HIM: Why did the University of Iowa change from natural grass in their stadium to AstroTurf?
ME: Huh. I didn't know they did that.
HIM: (ignoring me) So the University of Minnesota cheerleaders would stop grazing on the grass.

I laughed. Kind of hard. I don't know why. Yes, it was inappropriate. Inappropriate of him to tell the joke (at a table with Ted's sister-in-law WHO IS MINNESOTAN) and inappropriate of me to laugh. But he was big. And when a big man tells you a joke, you laugh, damn it all.

#2 Sitting in my office. My office mate (coincidentally, the same fellow who helped me with the Umbrella Situation) is leaving for the gym. I tell him to have a good workout.

HIM: Gotta get through the checkpoints first.
ME: HA HA HA HA HA. HEE. HA. (falls out of chair)

See, the U is divided by the Mississippi River. Our building is on the West Bank. The gym is on the East Bank. So, get it? When you have to go from West to East Bank, you gotta go through checkpoints. Like in Palestine/Israel/Gaza Strip? VERY wrong, yes, but VERY funny.
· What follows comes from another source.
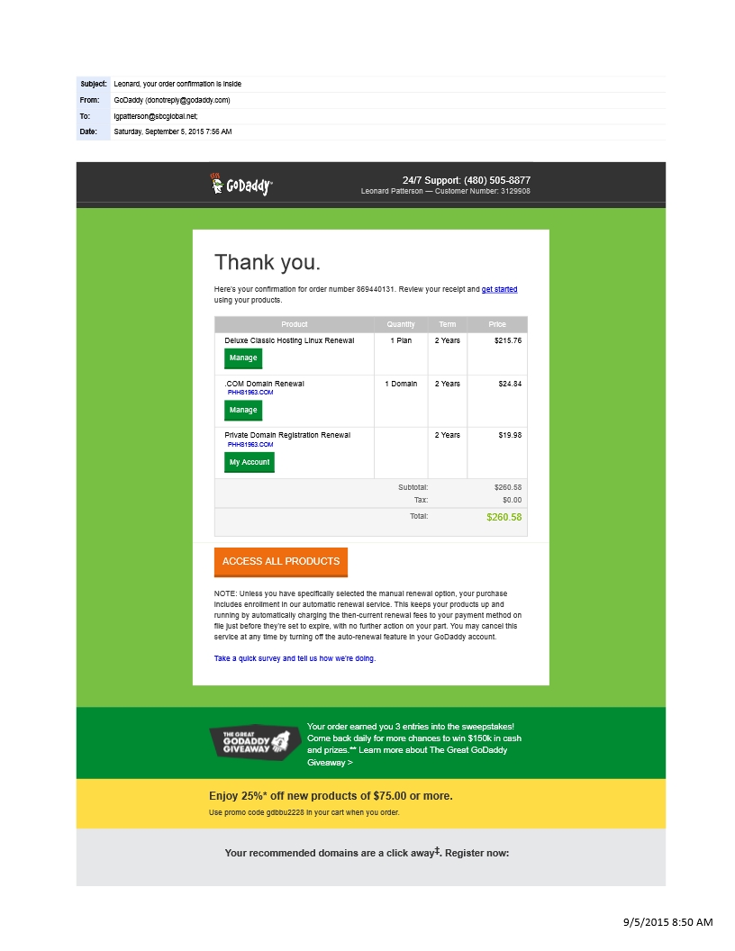 09/05/2015: | | Renew website Domain Registration/ Web Hosting for 2 years, Expires Aug. 21, 2018! |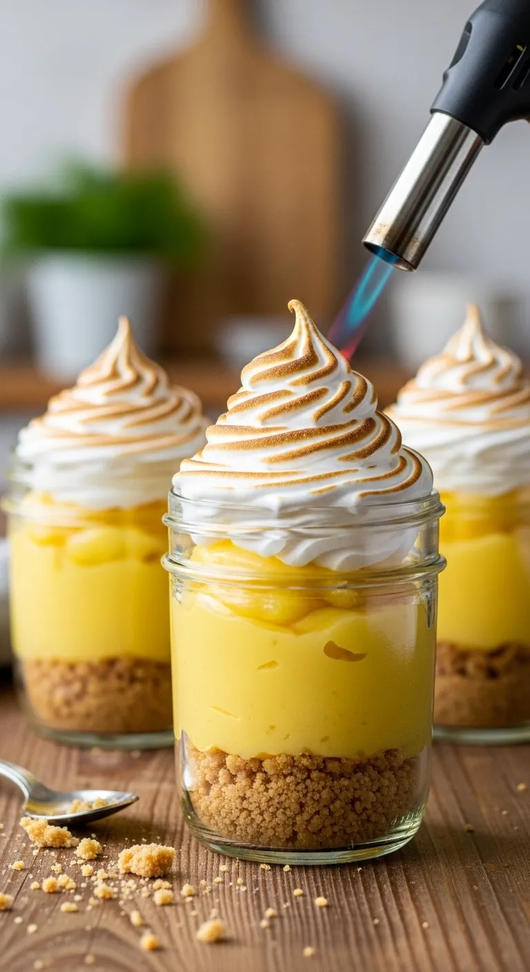 Torch tip: A kitchen torch costs about $15 and makes desserts look professional. Six jars cost about $2.50 each. Assemble meringue-topped jars just before serving for best texture.

#3 We're at BB's piano teacher's doctoral piano recital. This is a very big deal for this woman. Who happens to be Asian. And wearing a green dress. And has all this music MEMORIZED. It took me three years of marching band before I could remember the fucking national anthem.

Anyway, BB and I decide to play a game. We look around the room and try to figure out who the members of her committee are. We're REALLY big dorks, but this passes the time during a relatively boring recital. Anyway, says something like, "that woman down there, she looks likes my piano teacher. I wonder if they're sisters." HEEEE HEEE. I laugh and laugh.

See, we were a couple of the handful of white people in the room. The rest were Asians. And, yes, they are all very distinctive, but NO THEY ARE NOT. They all have dark hair and dark eyes and all the women are dressed in demure dresses with HIGH heels and all the men were wearing polos and khakis. That was funny. There were no distinguishing characteristics between those folks.

Inappropriate. I am not PC. I am evil. I know. If you show this to any Palestinians or Asians, they will want to shoot me down. I am evil.